For me, my life group met around my grandmother’s table on Sunday mornings. It was a round wooden table, nearly always cloaked with a white table cloth, for the wood underneath showed the signs of age. There were more chairs situated around the table than its small diameter could reasonably support. First Reformed Church, just one block to the west, released at 10:00 and First Presbyterian Church, directly across the street, a half-hour later. Uncles and aunts, cousins and friends, would trickle in and out over the next couple of hours, bodies stacked two deep around the perimeter of the small dining area.

My grandmother never failed to provide the necessary staples—hot coffee, orange Kool-Aid, saltine crackers, soft butter, and cheese spread. Other delights also regularly found their way to the table–molasses cookies, blond brownies, or summer sausage. But without fail, there was always coffee and conversation. Sometimes, I would go the whole week without seeing these people, but come Sunday morning, we met for our “life group.”

I think we miss something precious when we live life by curriculum. I ache for those times around that table; we talked about nothing in particular, and in so doing, we talked about everything.

For reflection:

What do you remember about your childhood gatherings? Where do you see organic community occurring today? 

Growing Whys

31 days of writing, day 4
Today’s prompt: Why

Almost from the time we are able to speak, we begin to ask why. Parents of preschoolers can regale us with tales of their children repeatedly asking, “Why? Why? Why?”

Why is the sky blue?
Why are turtles so slow?
Why are sidewalks gray?
Why can’t I have ice cream for dinner?

As we grow older, our questions mature along with us. Presumably. In grade school, we ask, “why do I have to go to bed at 7:30?” In middle school, “why is my best friend ignoring me?” In high school, “why won’t she go out with me?”
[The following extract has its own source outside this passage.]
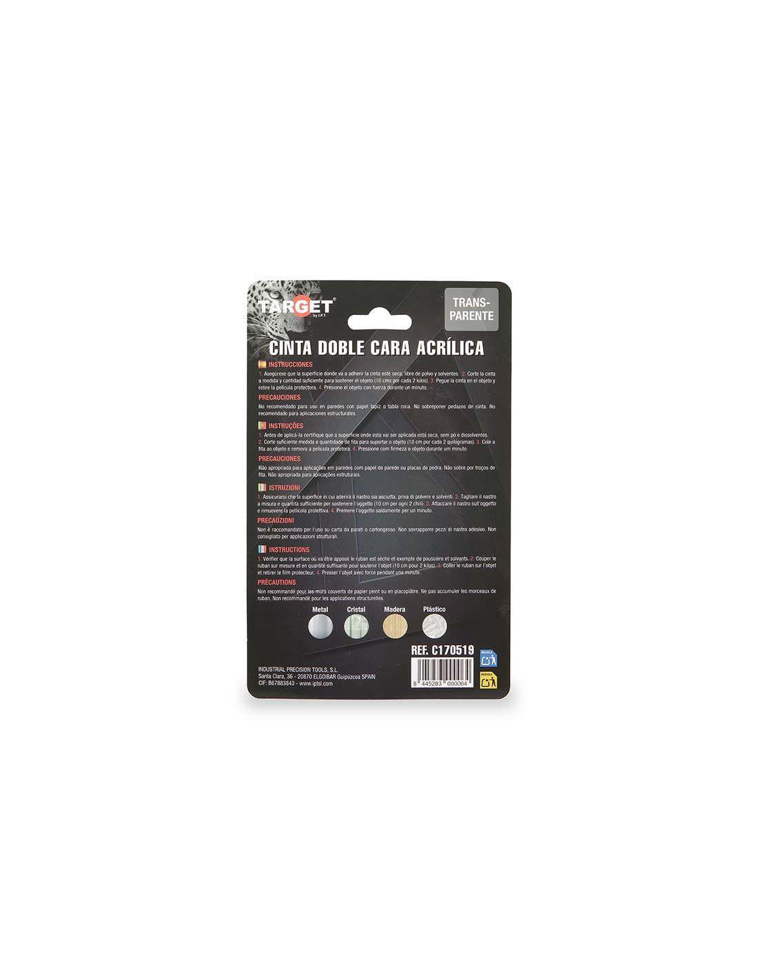 Ref. C170519 - Cinta DOBLE CARA Transparente Acrílica - 5 M x 19 mm
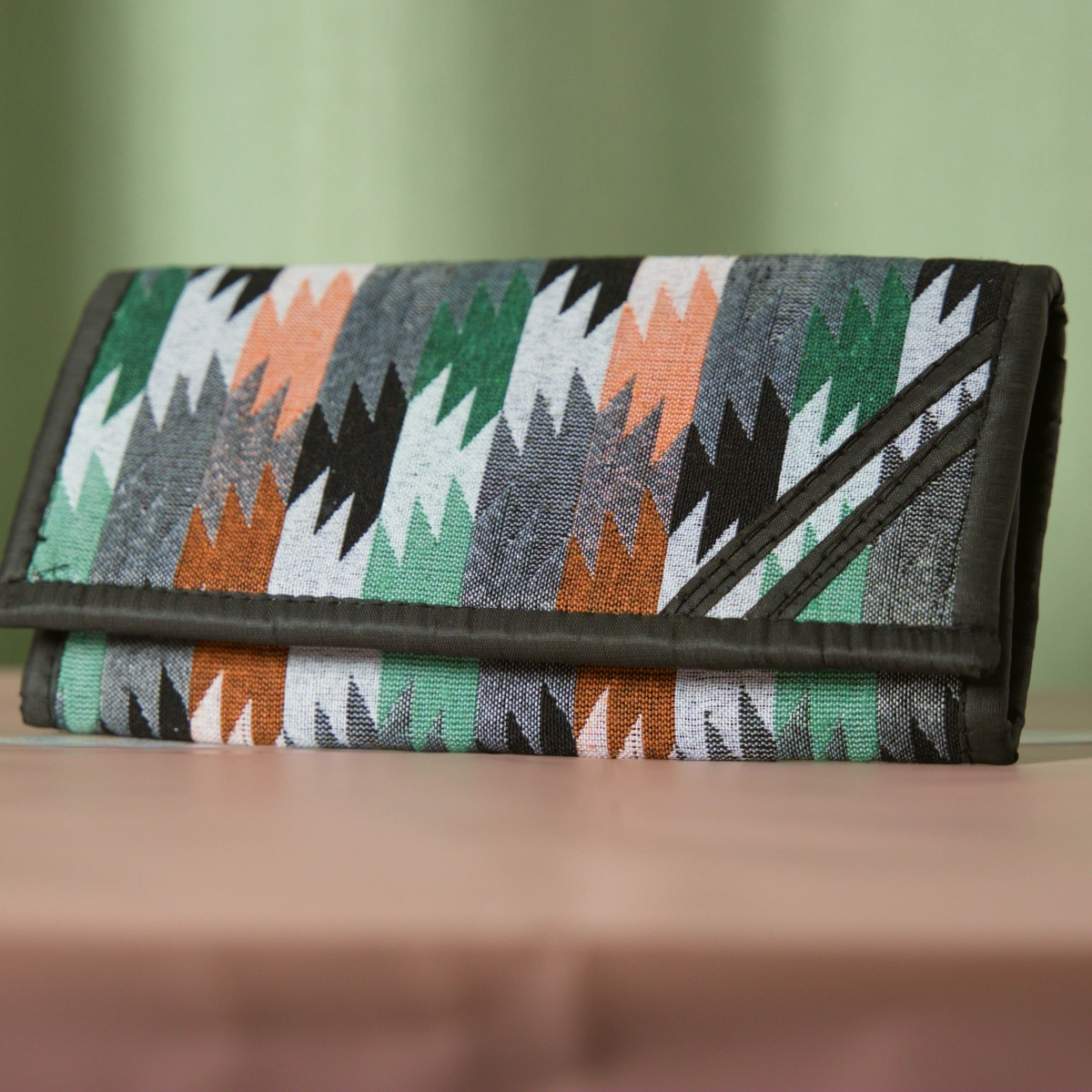 A beautifully crafted women's wallet in vibrant traditional Dhaka fabric — a stylish piece of Nepal's living artisan heritage.

Our development is intimately intertwined with attempting to make sense of the world  and our place in it. But as we press further into our confusion, clarity often dims. More and more often, our “whys” remain unanswered.

Too often, Christians dismiss why questions. We are supposed to have all of the answers, wrapped up in sparkly paper and finished with a bow. When people bring us their hurts we ask “have you prayed about it?” People muster their courage to share their fears and we respond “the Bible says don’t be afraid” or perhaps even “fearfulness is a sin.” Ugh.

But the biblical narrative reveals that God’s people were not afraid to ask why. Habakkuk asked “Why do you make me look at injustice? Why do you tolerate wrongdoing?” (1:3). Jeremiah asked “Why is my pain unceasing, my wound incurable, refusing to be healed?” (15:18). Even Jesus, echoing David, pleaded “why have you forsaken me? Why are you so far from saving me, so far from my cries of anguish?” (Psalm 22:1).

Premature answers and biblical platitudes often fail to comfort. People need to hear that God is strong enough to bear their pain. They need to understand that asking difficult questions is not a sign of faithlessness.

Maybe, if we live in the world of easy answers, we would do well to ask ourselves, “why?”

For reflection:

What questions are you afraid to bring before God? How do you respond when people share their difficulties with you?